Solicit feedback from your students, not just at the end of the course but throughout. You can use discussion boards, one-on-one meetings, or any of the other tools mentioned above.
Are you on the same page about the goals of the course? Do you need to talk to the students to update the course goals?
Are your students needs being met? Is there anything you can do to help them overcome the challenges inherent in online learning? Are there simple clarifications you can make that will help them get on track?
What role(s) do you want to play in your course? Are you the guide on the path? Are you offering challenges that your students must overcome? Are you testing them for mastery of complex concepts? Think explicitly about the roles you’re playing in your students learning journey and then ask them if they perceive the same roles. If you’ve been trying to be a helpful guide, but they see you as a challenge to overcome, then you might need to rethink your communications strategies.

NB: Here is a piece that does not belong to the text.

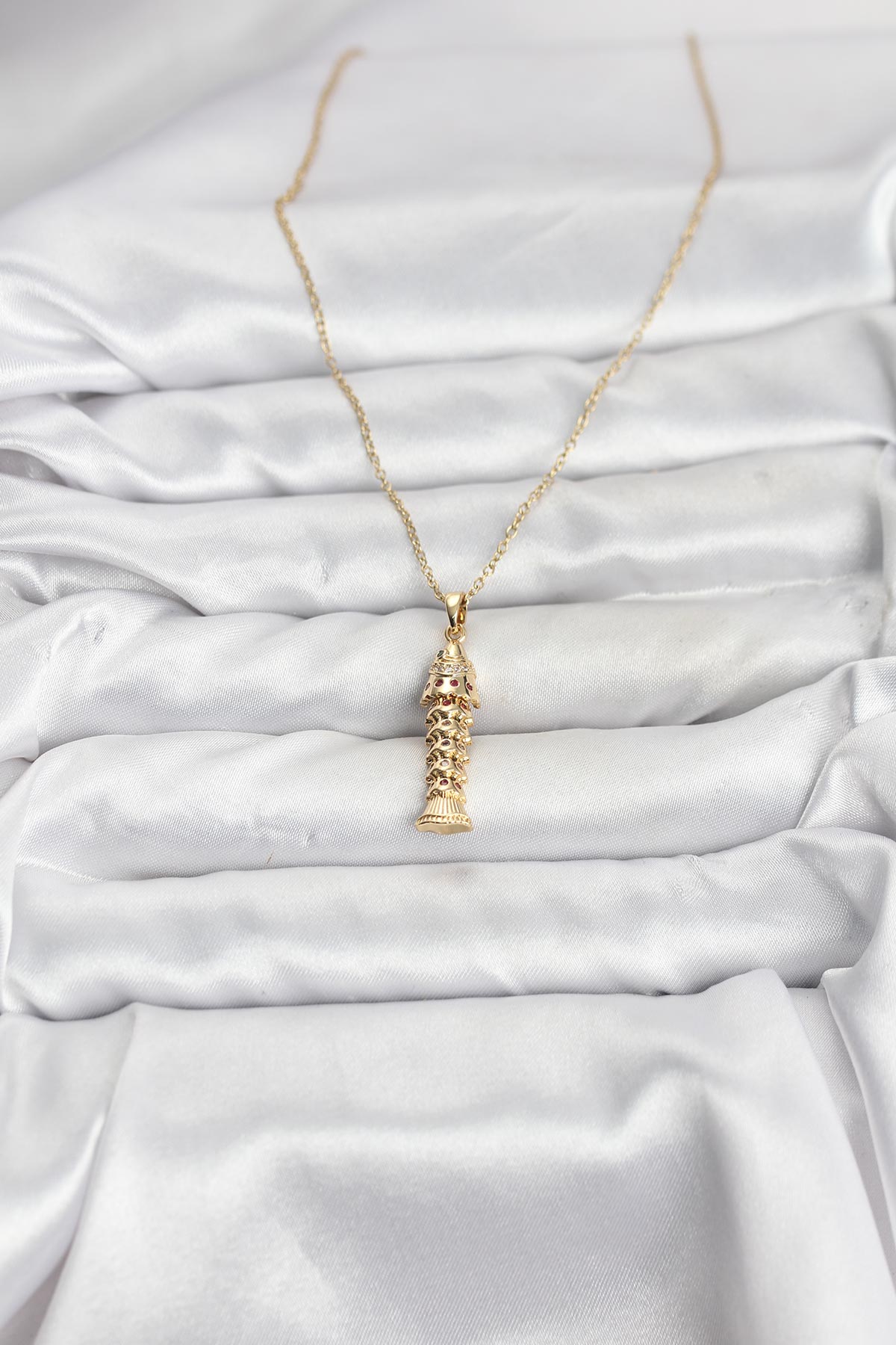 316L Çelik Zincir Gold Renk Balık Model Zirkon Taşlı Kadın Kolye

Do the students have learning strategies that they want to implement? Perhaps they’ve seen something in another online class that worked well, or they learned something in a prerequisite that could help others.
Don’t wait until the end of the course! Give specific feedback to your students and get feedback from them throughout the course. Chart a path with your students and use feedback to overcome any obstacles in the way.
Kathy Dyer, “Four Formative Instructional Practices that Drive Student Growth,” Teach. Learn. Grow. The Education Blog, published by nwea.org on January 26, 2017.
John Hattie and Helen Timperley, “The Power of Feedback.” Review of Educational Research 77 (1) (March 2007): pp. 81–112.